The Quaker Green politician Rupert Read once told me that he gets through boring meetings by imagining the participants stark naked and preening each other like apes. After reading Carl Safina’s book (available in many editions; first published in 2015) I too have been seeing the behaviour of my fellow humans, including myself, as strikingly similar to that of the animals he writes about. I tend to define as ‘great’ any book or film which makes me think differently, which rewires me, so this book, according to that definition, is a ‘great’ book.

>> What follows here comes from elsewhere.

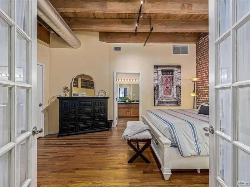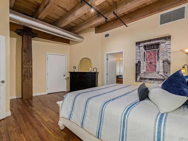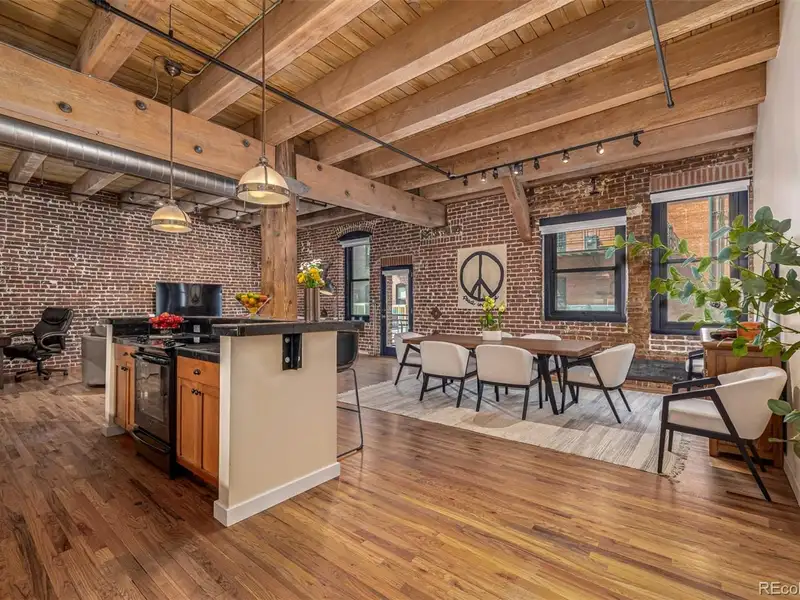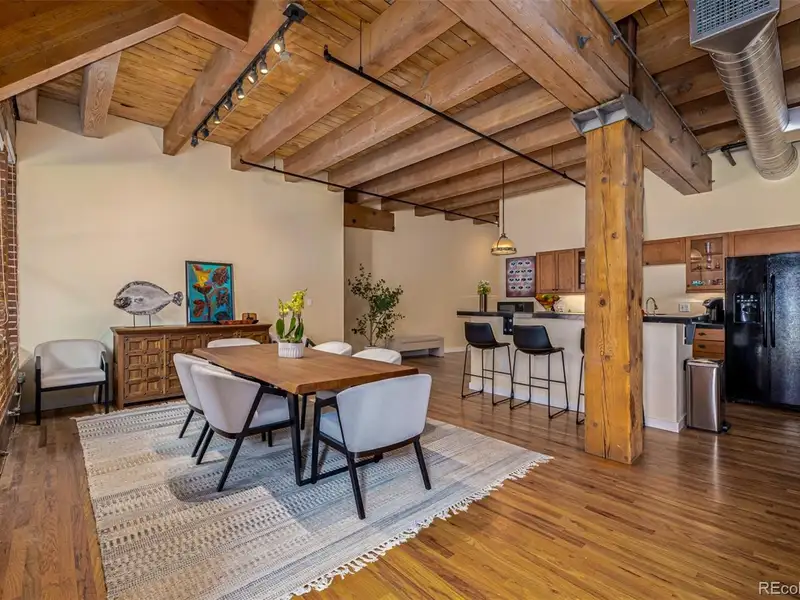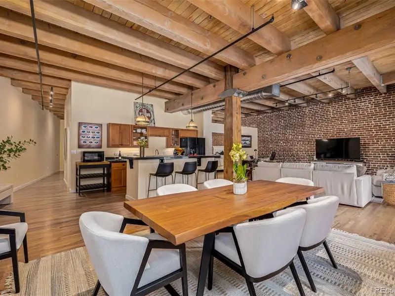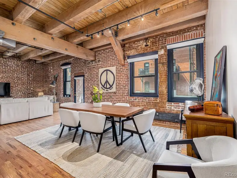 - Soaring ceilings with wood beams

Safina is passionate about conservation. He founded and runs the Safina Center, in his words ‘a unique collective which is the creative end of the conservation-group spectrum’. ‘Facts alone can’t save the world. Hearts can. Hearts must. We’re working to make sure that hearts do.’ And he seems to be doing just this, making a difference. He’s written many books, presented TV series, and written for publications like the Guardian. His TED talk, “What are animals thinking and feeling?”, has been viewed over two million times, and is a great place to pick up quickly the book’s message. And for Quakers, his enthusiasm for engaging with creativity and the emotions, and even, if occasionally and with caution, the spiritual, gives his book a special resonance.

My expectations were high – the Washington Post trumpets ‘Once in a long while, a book is published that felicitously combines lambent writing with dazzling facts, while also illuminating our knowledge….Beyond Words by Carl Safina…is one of these exemplary books’, and, across the top of the book’s front cover, the New York Review of Books proclaims ‘Along with Darwin’s Origin of Species and Richard Dawkins’s Selfish Gene, Beyond Words marks a major milestone in our evolving understanding of our place in nature.’ I’m too ignorant of the field to judge these claims, but, if the book’s effect on me is evidence, they may well have substance.

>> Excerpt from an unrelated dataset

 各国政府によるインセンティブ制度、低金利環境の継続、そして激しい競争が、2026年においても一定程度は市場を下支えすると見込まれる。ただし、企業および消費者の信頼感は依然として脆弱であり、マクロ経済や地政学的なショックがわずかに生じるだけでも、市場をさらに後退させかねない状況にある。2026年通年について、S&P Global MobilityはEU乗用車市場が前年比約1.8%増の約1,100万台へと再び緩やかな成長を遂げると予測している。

The book itself is cleverly constructed for maximal effect. It’s in four sections – elephants, wolves, theory and whales. The three species-sections are fascinating accounts of these animals’ lifestyles and behaviour, which bring out Safina’s thesis that non-human animals have inner lives much more like our own than we think. His approach is to see animals as named individuals, not just anonymous performers of social roles: his question to them is “WHO are you?”. Safina cleverly uses these beautifully written eye-witness accounts of wild animals as bait – the reader is willingly seduced into more technical areas. These sections of the book are full of painfully sad details of how animals have suffered, and are suffering, from the ignorance and greed of humans, but our inevitable despair is counterbalanced by the sheer scale, variety and power of his revelations about animal behaviour, thought and personality.

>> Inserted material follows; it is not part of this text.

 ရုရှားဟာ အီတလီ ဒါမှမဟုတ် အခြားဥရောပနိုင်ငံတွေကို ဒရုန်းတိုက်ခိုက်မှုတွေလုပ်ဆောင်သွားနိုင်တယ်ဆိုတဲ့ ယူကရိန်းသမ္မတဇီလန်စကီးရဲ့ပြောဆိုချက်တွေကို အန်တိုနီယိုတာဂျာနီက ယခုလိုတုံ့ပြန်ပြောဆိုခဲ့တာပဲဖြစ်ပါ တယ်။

The third section, on theory, is in some ways the book’s core. His chief target is academia’s alleged blindness in dealing with the question of whether non-humans have a ‘theory of mind’. (This phrase, in its technical sense, is about whether a being has an awareness of another being’s thoughts – whether it can take decisions based on calculations of what the other guy might be thinking.) Safina is impatient with academic philosophers, claiming that the answer to this question is so obviously ‘yes’ that it’s daft to ask it: from a sandpiper tricking a pursuing peregrine, to his own dog rolling over to ask for a tummy stroke, his examples are many and various.

Safina packs his book with examples of incredible behaviours from individual animals – I have highlighted so many in my copy that I don’t know where to start. But the editor has given me space in the print version of this review for one example (more online): two captive killer whales puzzled observers by, in the hour between dawn and the actual sunrise, squirting water and licking a small spot on the inside glass of their tank, near the water line. Then someone noticed that the sun’s first rays hit that spot exactly. And parrots give their chicks individual, phonically differentiated, names. (That’s two: shhh!)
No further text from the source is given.